休職の流れ・・・手続き

休職を決意したとき、気になるのが今後の見通し。中でもあまり知られていない「休職手続きの具体的な流れ」について、詳しく追っていきましょう。


必要な書類
 休職に必要な書類は大きく2つに分けられます。1つは「会社に休職を申請する書類」、もう1つは「傷病手当金を申請する書類」です。

1)休職申請に必要な書類

  • 休職願(会社の様式に従う。無い場合もある)

  • 医師の診断書(会社から請求があった場合)

会社の人事部門に提出します。

2)傷病手当金申請に必要な書類

  • 健康保険傷病手当金請求書
    (初回申請時添付書類:欠勤した最初の月とその前月の出勤簿および賃金台帳の写し)
    (最終回申請時添付書類:欠勤最終日を含む月の賃金台帳の写し)

こちらは所轄の社会保険事務所または健康保険組合に毎月一回提出します。


休職までの流れ
 休職を決意したら、まず職場の上司に相談しましょう。言葉を濁さず、「うつ病と診断されたため、休職したい」とハッキリ伝えるのが良いでしょう。会社に専属の産業医がいる場合、改めて産業医の診察が必要かもしれません。その場合は指示通り受診しましょう。
 上司から休職の了承を受けた段階で、上記書類を提出するよう指示されるはず。必要事項を記入し、忘れずに提出してください。特に、傷病手当金関連の書類は休職中の収入を左右する大事なもの。もし手元に届かないなら、上司または会社の健康保険組合に遠慮なく請求して大丈夫です。
 以上の手続きが終われば休職期間の始まりです。思う存分寝て、失ったエネルギーを少しずつ取り戻していきましょう。


傷病手当金の支給について
 休職に入って初めの3日間は「待機期間」とされ、手当の支給はありません。実際に支給されるのは4日目から復職の前日までの間で、1ヶ月ごとにまとめて振り込まれます。

給付額は
     標準報酬日額×0.6×1ヵ月の日数(土日祝日を含む)
月額にして、今までの給与の約6割くらいと考えておけば間違いありません。

 傷病手当金申請書は毎月一回提出します。医師が病状を記入する欄がある場合、通院時に忘れずに持参し、記入してもらった上で提出してください。
 初回の申請後、振り込みまでは通常約1ヶ月。その間の生活費は、貯金でなんとかやりくりしましょう。
 なお、手当受給期間中も健康保険の支払いは続きますのでご注意を。一方、雇用保険は休職期間中は支払いが免除されますが、会社によってはいったん月ごとに天引き徴収した上で年末に調整・返還される場合があります。これらの事情をふまえて資金計画を練りましょう。

また、会社が所属している保険組合によっては

  • 傷病手当附加金…傷病手当に加えて割り増しのお金がもらえる

  • 延長傷病手当附加金…傷病手当金が1年6ヶ月で切れた後ももらえる

の制度があり、その場合はさらに手厚い給付を受けられます。詳しくは会社の健康保険組合窓口へ。


休職期間満了で退職となった場合
 就業規則に定められた休職期間が過ぎても病状が回復せず、勤務に復帰できない場合はどうなるのでしょうか。大抵の場合は、休職期間満了時を雇用契約満了扱いとし、休職期間終了と同時に自動退職となるケースが多いようです。ただし細かい規則は会社によってまちまちなので、必ず会社の就業規則を確認してください。
 もしも退職になってしまっても、企業の健康保険に2ヶ月以上加入していれば、傷病手当金を期間満了(1年6ヶ月)まで継続してもらい続けることができます。継続受給の条件・手続きは以下の通りです。

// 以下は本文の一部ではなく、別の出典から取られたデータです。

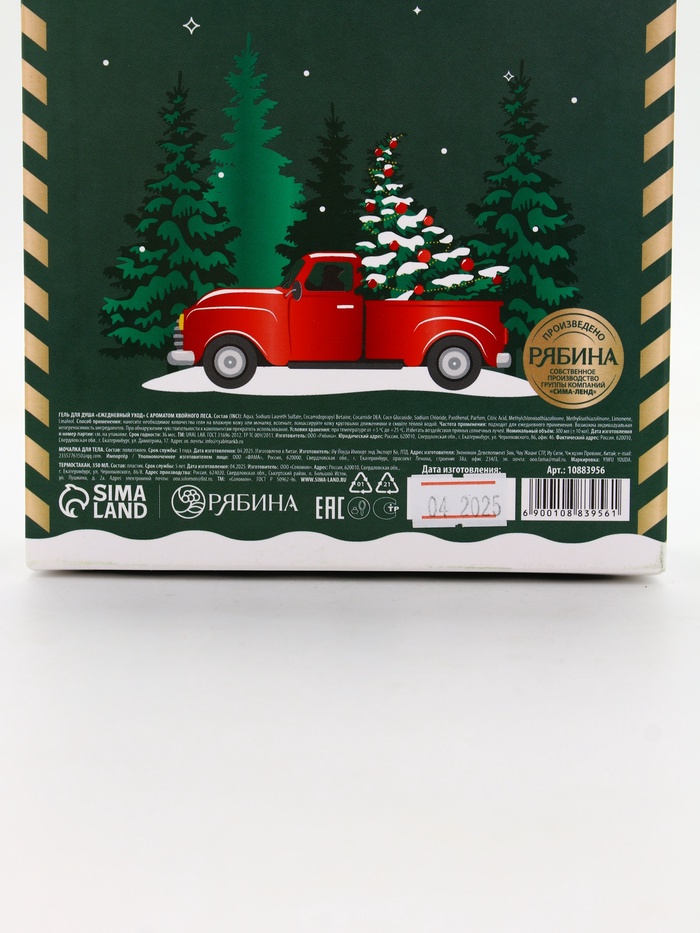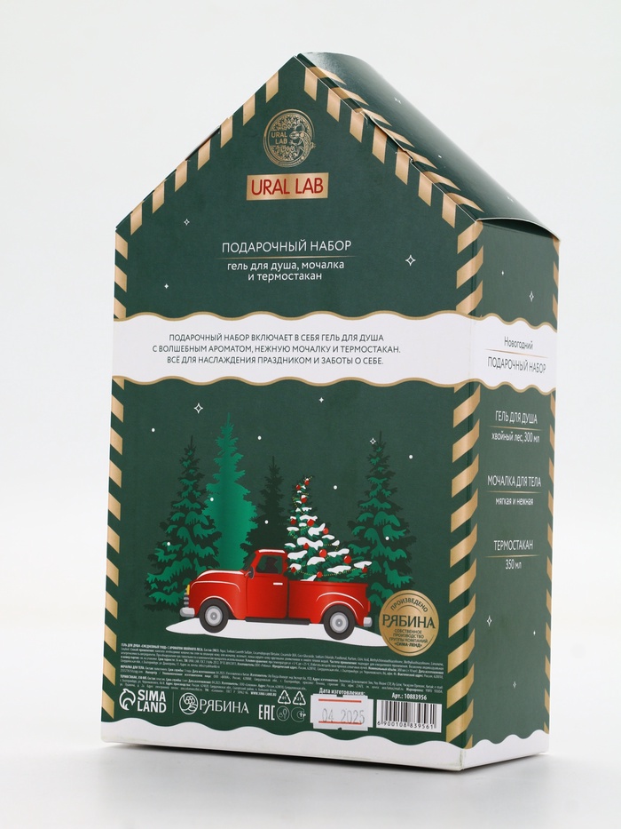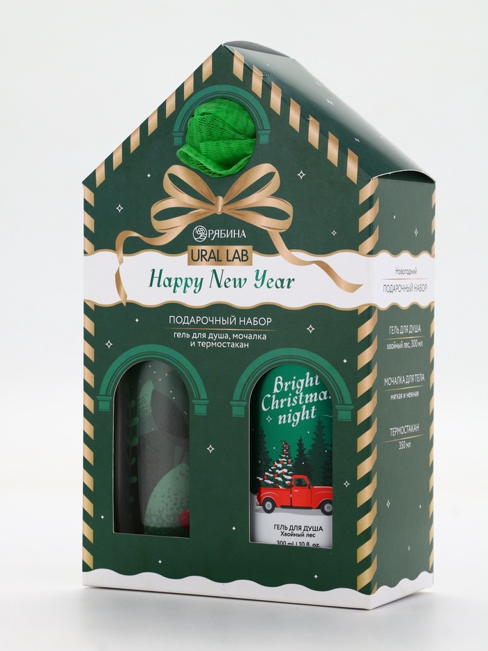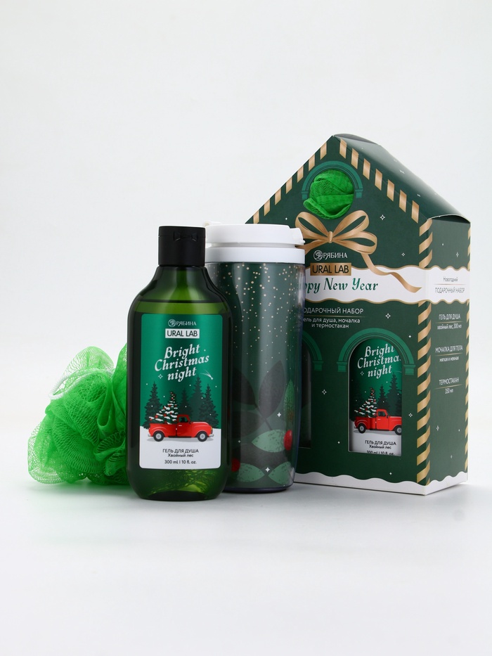 Подарочный набор новогодний Happy New Year: гель для душа, мочалка и термостакан, аромат хвойный лес, URAL LAB — Характеристики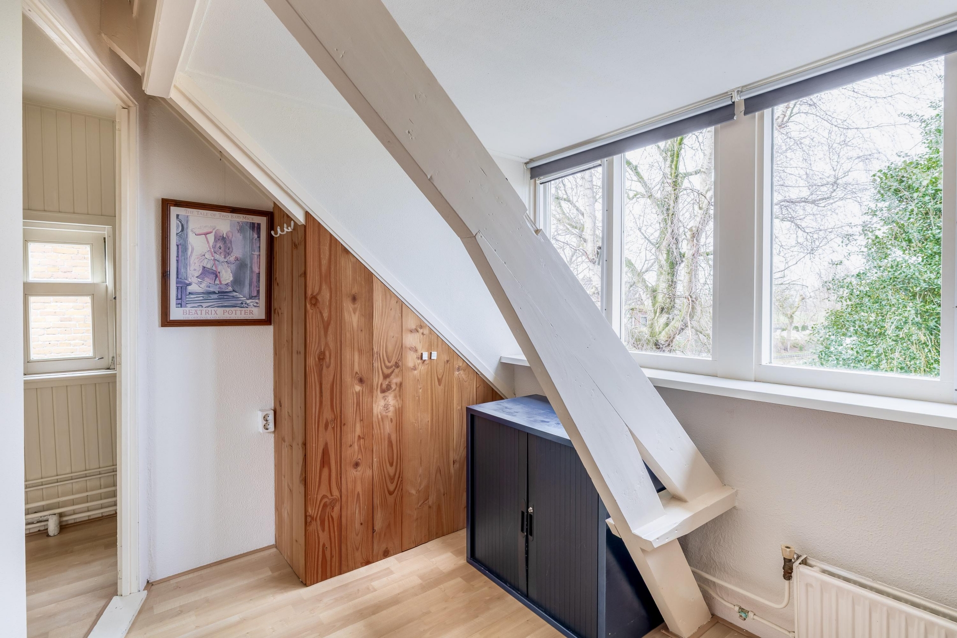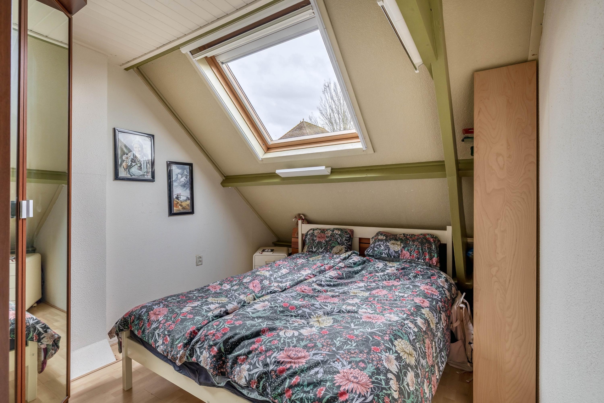 Op de verdieping vind je twee slaapkamers. De grootste slaapkamer is ruim genoeg voor een tweepersoonsbed en kastruimte. De tweede kamer is ideaal als werkkamer, logeerkamer of kinderkamer. Beide ruimtes profiteren van daglicht en hebben een prettige sfeer.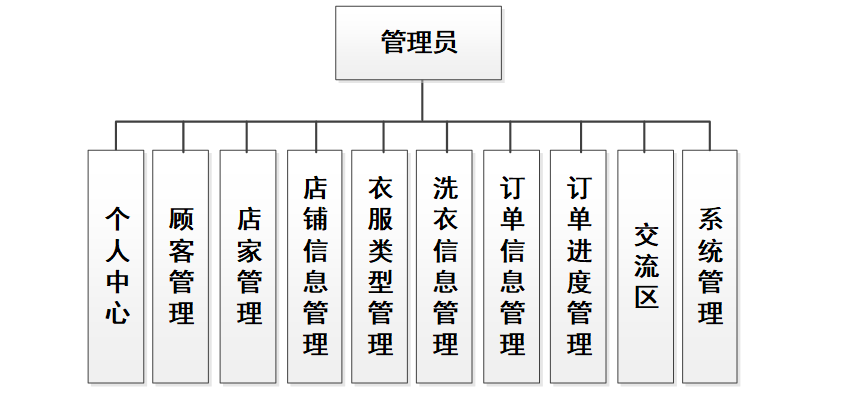 Administrator functions include personal center, customer management, store management, store information management, clothes type management, laundry information management, order information management, order progress management, communication area, system management, etc. Store functions include personal center, store information management, clothes type management, laundry information management, order information management, order progress management, etc.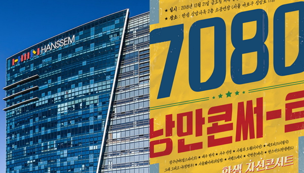 19일 (주)한샘에 따르면 지역민들과 문화행사를 즐기며 뜻깊은 연말을 보내고자 오는 21일 저녁 7시 한샘상암사옥 대강당에서 '7080 낭만콘서트'를 연다.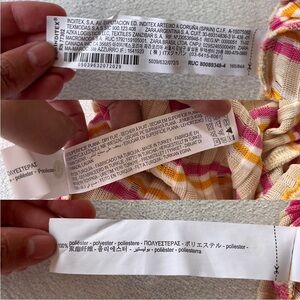 Crafted from a stretchy ribbed knit, it features multicolored horizontal stripes in pink, yellow/orange and cream tones.

休職中に受給開始した傷病手当金を、退職後も継続受給する際の必要条件200612月現在)

  • 勤めていた企業の健康保険に1年以上加入していた
     →特別な手続きは不要

  • 2ヶ月以上1年未満加入していた
     →退職時または退職後20日以内に健康保険の任意継続手続きをとり、引き続き保険料を払う

 

加入2ヶ月未満の場合、継続受給はできないので注意してください。
なお2007年4月1日に健康保険法が改正され、傷病手当金の支給条件が一部変更されます。詳しくは会社の健康保険組合または地域の社会保険相談窓口にお問い合わせ下さい。